Le troisième secteur qui a subi les effets de la crise européenne est celui des textiles. C’est ainsi que les exportations de textiles/habillements ont baissé de 13,1% pendant les deux premiers mois de l’année 2009, comparés aux deux premiers mois de l’année dernière. Les exportations de produits électriques et électroniques ont également baissé de 47%. Ceci a contraint certaines sociétés exportatrices à réduire les heures supplémentaires, et même à procéder à des licenciements. Le déficit commercial a atteint 24,4 milliards de Dh à fin Février 2009, avec une baisse des importations de 15,7% et une baisse des exportations de 31,8% (-59,5% pour les phosphates). Le taux de couverture n’est plus que de 40,2% à fin Février 2009. Pour soutenir ce secteur, ainsi que ceux de l’automobile et du cuir, le gouvernement marocain à établi en collaboration avec les professionnels un Plan de relance, garantissant à hauteur de 65% les crédits accordés aux exportateurs, et prenant en charge les frais sociaux, à condition que les entreprises bénéficiaires ne licencient pas. Le Gouvernement marocain a également mis en place un Comité de veille stratégique pour suivre la situation, et faire de nouvelles propositions si d’autres secteurs sont touchés.

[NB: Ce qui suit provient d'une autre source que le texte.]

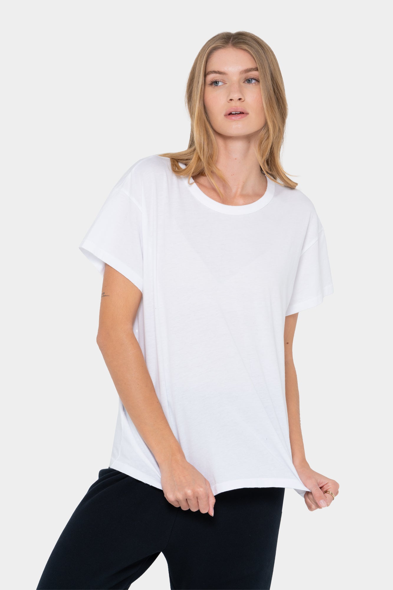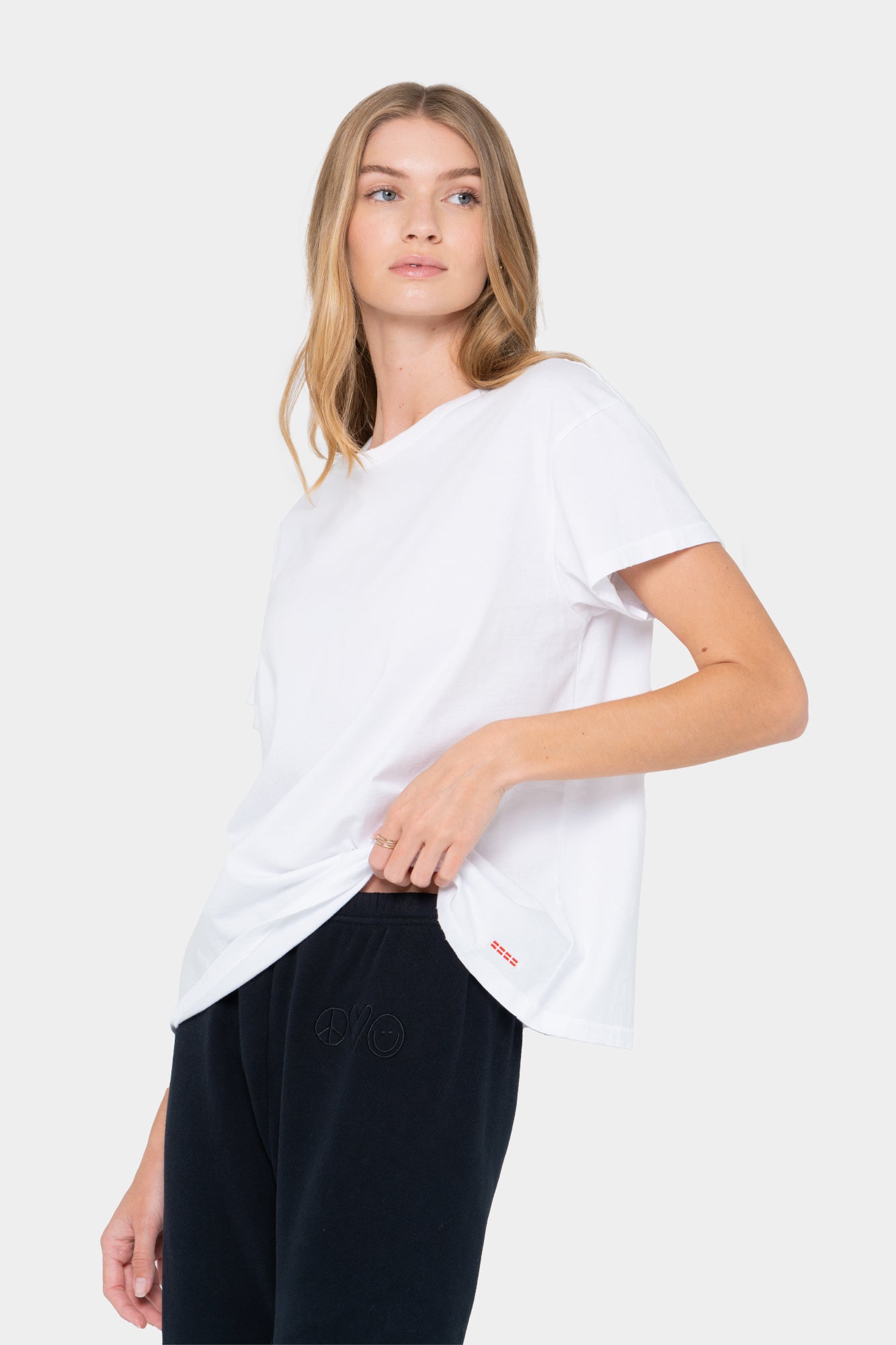 The short sleeve tee features an oversized fit, standard length, and embroidered with our signature red dash marks at the bottom right.

Un secteur également préoccupant est celui de la Balance des paiements. Cette dernière qui a toujours été excédentaire depuis 2000, a connu pour la première fois un déficit de 11,5 Milliards de Dh en 2008. Ce déficit est dû principalement à la flambée des prix du pétrole et des produits agricoles, dont le Maroc est un gros importateur. Jusqu’au 2008, le déficit de la balance des biens était compensé par l’excédent de la balance des services (tourisme, transferts des Marocains à l’étranger, IDE). Il est à craindre que la Balance des paiements pour 2009 soit également déficitaire, car si la valeur des importations va baisser du fait de la baisse des prix, les exportations, les IDE, le tourisme, les transferts des RME, vont également baisser. A titre d’exemple, selon les statistiques des deux premiers mois 2009, les transferts des RME ont baissé de 15%. D’autre part, le HCP (Haut Commissariat au Plan) a prévu une baisse des investissements au Maroc de 5,4% en 2009. Enfin, il y a lieu de noter la baisse de la collecte des impôts de 9,4% à fin Février 2009 (-19% pour les droits de douane, -15% pour les impôts directs -7% pour les impôts indirects, mais plus 68% pour l’IS).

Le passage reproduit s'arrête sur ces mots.